Hermit Thrush

On a chilly, softly clouded, breezy March morning, a Golden-crowned Kinglet called its high, thin ti-ti-ti in branches above me, and five Dark-eyed Juncos flushed up from the roadside, into low tree branches, calling in alarm with softly-ringing trills. A pair of Brown-headed Nuthatches squeaked and chattered to each other as they searched the trunk of a pine tree, both heading downward on the trunk, investigating crevices in the bark, searching for insects and other small prey.

A couple of times the sun broke through the high screen of wooly clouds, pouring down warmth that felt like magic, but when clouds closed over and the day became gray again, the feeling of sharp, icy cold returned.

Two Red-tailed Hawks soared very high, and a small flock of blackbirds flew restlessly from tree to tree around a small pond. They were too far away to see well, but didn’t look or sound like either Common Grackles or Red-winged Blackbirds, and may well have been Rusty Blackbirds. I don’t know a Rusty Blackbird’s call well enough to be sure. Because we’ve been lucky enough to see a fair number of Rusty Blackbirds here in past winters, I have missed them a great deal this year. This is one of the few occasions when I’ve seen a blackbird flock of any size, all winter long.

Brown Thrashers sang from the tops of trees in widely different spots, and one very handsome pair of Brown Thrashers posed quietly together in the branches of a small bare pecan tree. Pine Warblers trilled their songs. White-throated Sparrows and Eastern Towhees scratched in leaves and grass along a dense hedge of shrubs.

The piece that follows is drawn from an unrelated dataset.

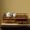 Cobertizo de té de escritorio de bambú Meru, disco de almacenamiento para accesorios de ceremonia del té con cajón, mesa de té pequeña, estante de exhibición para juegos de té, adornos para mesa de té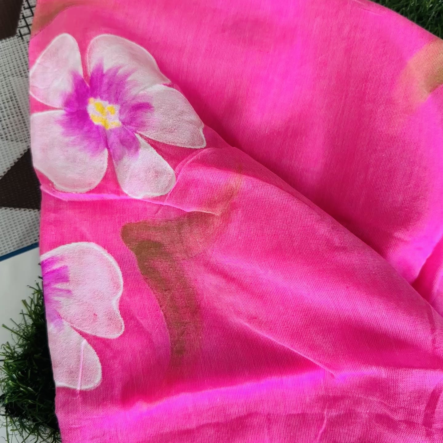 Artisan Hand-Painted: Each motif is painted by skilled artisans, making every saree one-of-a-kind.

As I got back home from walking, coming down the driveway and feeling kind of glad to be back at home where I could warm my hands and make some soup for lunch, a Hermit Thrush flew out of a Savannah holly and stopped to perch on the back of a bench. It paused there for a few moments, looking over its shoulder at me nervously, raising and lowering its cinnamon tail, before it dove into the dark green leaves of a bush. Having a Hermit Thrush here to spend the winter around our yard, and seeing it from time to time like this has been one of the nicest things about this winter.